65.9K
CodeProject 正在变化。 阅读更多。
Home

使用 NAudio 进行 MIDI 节拍检测

starIconstarIconstarIconstarIcon
emptyStarIcon
starIcon

4.55/5 (9投票s)

2014年8月6日

CPOL

5分钟阅读

viewsIcon

22859

downloadIcon

1048

概述了用于《吉他英雄》等游戏的基本节拍检测。

引言

在过去的几周里,我一直在开发一款类似《吉他英雄》的游戏。当我绞尽脑汁思考如何获取每个音符以便在屏幕上显示时,我偶然发现很多人都在尝试做与我类似的事情,但网上没有一个明确的答案。我确实找到了第三方库 NAudio,可以在这里下载。这个库拥有令人惊叹的各种实用音频工具,但在这里,我们将使用它的 MIDI 库,因为 MIDI 文件格式是节拍检测中最容易使用的格式之一。

其他工具

另一个在(重新)使用此代码时有用的工具是Anvil Studio。它是一个免费的 MIDI 编辑器;然而,我们在这里需要做的是在其中打开和保存 MIDI 文件。这将把单轨 MIDI 转换为多轨 MIDI,以便于节拍检测的使用。

使用代码

我们需要做的第一件事是获取每个 MIDI 音符的频率。使用 440Hz 的钢琴调音可以很容易地做到这一点

static double[] midi = new double[127];

static void getFrequencies()
{
    //get frequencies for midi notes at 440 tuning (piano)
    int a = 440;
    for (int i = 0; i < 127; i++)
    {
        midi[i] = (a / 32) * Math.Pow(2, (i - 9) / 12);
    }
}

此代码将 MIDI 音阶(0-127)中的每个音符转换为赫兹(Hz)的频率。

接下来,我们需要获取 MIDI 文件的各种信息,以便我们可以对其进行操作

static string getFilename()
{
    Console.Write("Path to MIDI file (relative or absolute): ");
    string filen = Console.ReadLine();
    if (!File.Exists(filen))
    {
        Console.WriteLine("That file does not exist.");
        return getFilename();
    }
    return filen;
}

static int getTrackNumber()
{
    Console.Write("Melody Track #: ");
    string track = Console.ReadLine();
    int trackN;
    if (!int.TryParse(track, out trackN))
    {
        Console.WriteLine(track + " is not a valid number.");
        return getTrackNumber();
    }
    return trackN;
}

static string getSortType()
{
    Console.Write("Sort importance by [(d)uration or (v)olume]: ");
    string sortType = Console.ReadLine();
    if (sortType != "d" && sortType != "v")
    {
        Console.WriteLine("Invalid sort type " + sortType);
        return getSortType();
    }
    return sortType;
}

static string getOutputPath()
{
    Console.Write("Path to output (*.song): ");
    string output = Console.ReadLine() + ".song";
    foreach (char c in Path.GetInvalidFileNameChars())
    {
        if (output.Contains(c))
        {
            Console.WriteLine("The character '" + c + "' is not allowed in file names.");
            return getOutputPath();
        }
    }
    return output;
}

这些函数提供输入文件名、输出文件名、旋律轨道编号以及如何确定音符重要性的方法。重要性将决定音符的难度(高重要性用于简单难度,中等重要性用于中等难度,低重要性用于困难难度。这似乎有些矛盾,但音符的重要性决定了它对旋律的重要性,这意味着低重要性的音符是装饰性的,而高重要性的音符在所有难度下都应该出现)。

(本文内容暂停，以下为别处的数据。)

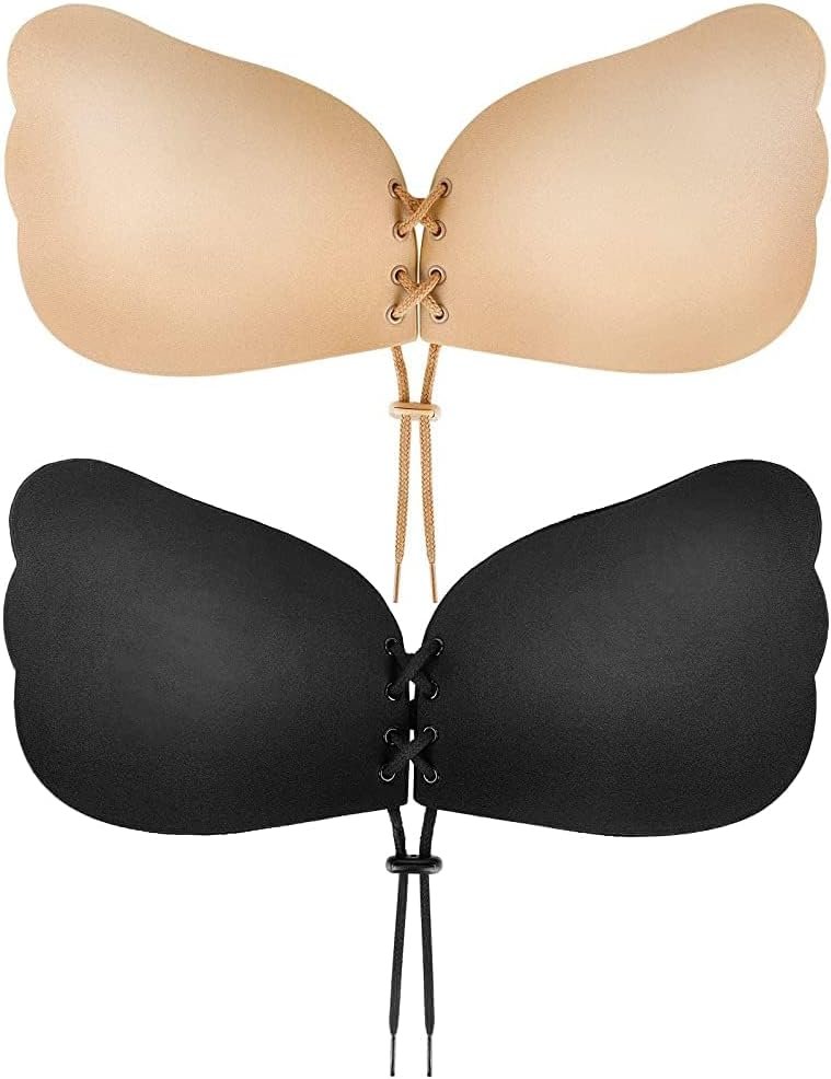 Sticky Bra, Backless Strapless Bra Push Up, Adhesive Invisible Lift Up Bras 2 Pairs Black/Beige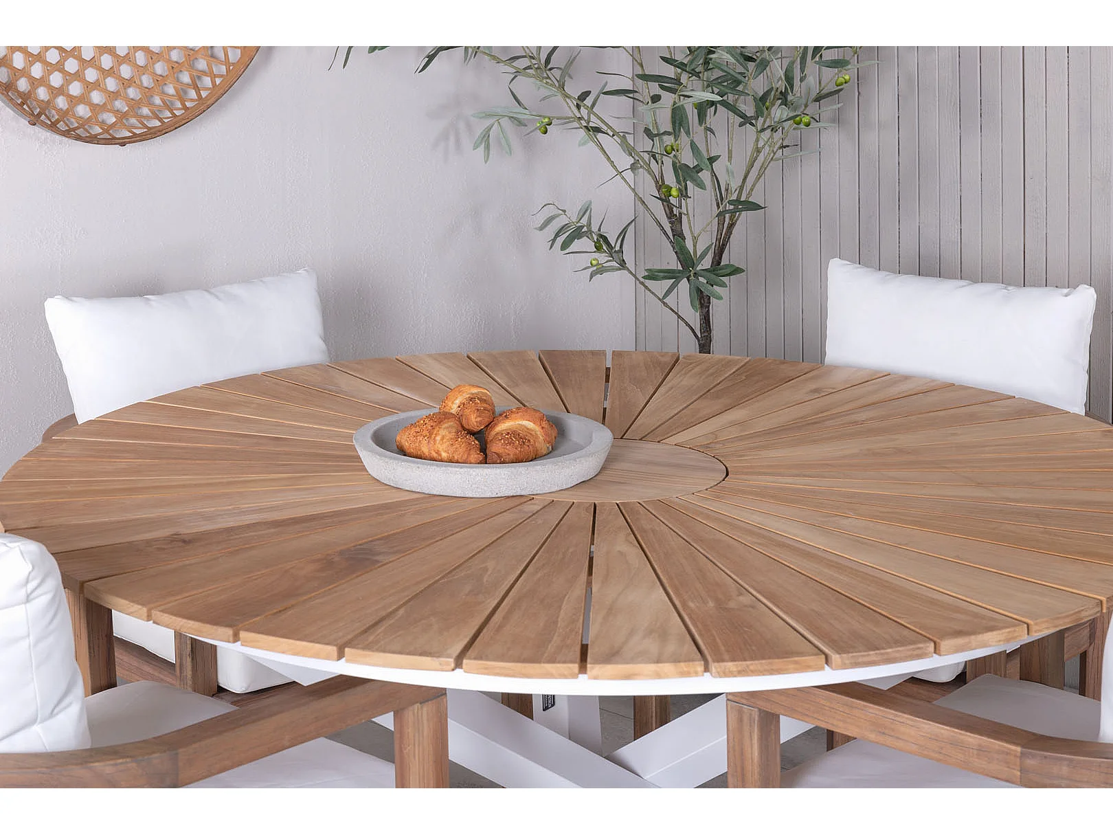 Mexico Ensemble table et chaises de jardin, table Ø140cm et 4 chaises Erica, blanc, naturel.

现在,我们可以开始使用 NAudio 来处理 MIDI 了。在我们开始查看代码之前,我们需要包含所有必要的 using 指令,包括后面文章中需要的一些

using System;
using System.Collections.Generic;
using System.Linq;
using System.Text;
using System.Threading.Tasks;
using NAudio;
using NAudio.Midi;
using System.IO;
using System.Xml;
using System.Xml.Serialization;

我们需要访问的主要音频处理命名空间是 NAudioNAudio.Midi。如果您只关心节拍检测而不关心我如何应用它,则不需要 IO 或 XML 命名空间。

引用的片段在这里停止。